Thursday, April 19, 2012

The Day It Snowed in New Orleans

Spring is here in full force and summer, no doubt, will be here shortly. Winter, it seems, hardly made a showing this year in central Mississippi. Unless I'm mistaken, we had no measurable snowfall this time around. Even the traditional "Easter cold snap" failed to show up (although it's a little bit chilly this morning). So what happened? Is it global warming? The Mayan calendar perhaps? Who knows. Based on snowfall statistics, though, the answer might be that this year is the norm and snowfall, particularly heavy snow, is simply a rare event in the deep south.
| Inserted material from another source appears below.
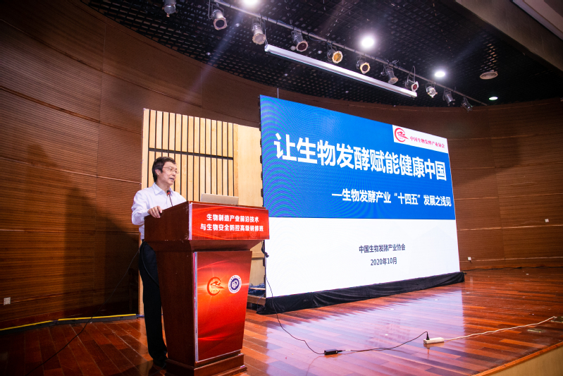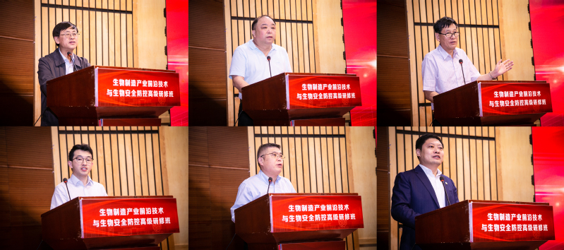 于学军在开班致辞中希望学院一要端正态度、提高认识,增强学习的自觉性,二要把握机会、学以致用,切实提高自身素质,三要振奋精神、严肃纪律,确保取得良好效果。孟琪介绍了专业技术人才知识更新工程的背景、本期高研班研修目的和作用、轻工业当前的基本情况以及对学员提出了三点要求:要把握学习机会、要带着问题学习、要遵守学习纪律。陆安静强调了生物制造产业对于国民经济的重要性,对于相关企业的发展提出了突出“绿色主题”、强化“科技创新”、注重“学科交叉”引领“未来经济”的建议。李涛代表华东理工大学对来自全国的各位专家、企业家表示欢迎。他说,建校以来,学校以服务国家建设发展需要为己任,面向世界科技前沿、国家重大需求、国民经济主战场和人民生命健康取得了大批重大创新成果,并在技术转移与产学研合作方面形成了自身的鲜明特色。本次研修班设置生物发酵及生物安全防控方面的高级研修项目,有助于提升我国生物制造产业专业技术人才能力、培养造就高素质专业技术人才队伍、推进产业企业发展作出应有贡献。赵黎明详细介绍了此次研修班的总体研修方案。随后,由石维忱为学员作了题为“让生物发酵赋能健康中国”的报告,介绍了中国生物发酵产业的“十四五”规划。

I remember a good snow in 1968 or so, and then another one in 1981-82. That was fun because we were "trapped" on the Millsaps College campus for a week and enjoyed such things as sledding down North State Street on cafeteria trays. The snow that year that blanketed central Mississippi was significant, but it was nothing like what happened on New Year's Eve back in 1963.
That year, a surface low-pressure system moved up from the Gulf of Mexico and into Mississippi, Alabama and Tennessee. With heavy snowfall and high winds, the winter storm completely paralyzed the deep south for several days, and at least three people died during the storm. In southeast Louisiana, and in New Orleans particularly, more than four inches of snow fell. In parts of eastern Mississippi, in northwest Alabama, and into Tennessee, more than a foot of snow fell in the span of one day. Meridian, Mississippi, recorded fifteen inches. Even Bay St. Louis saw more than 10" of snow! In Alabama, Huntsville recorded 17.1 inches, making it the worst snow storm in the area since 1899. Roads were impassable for days.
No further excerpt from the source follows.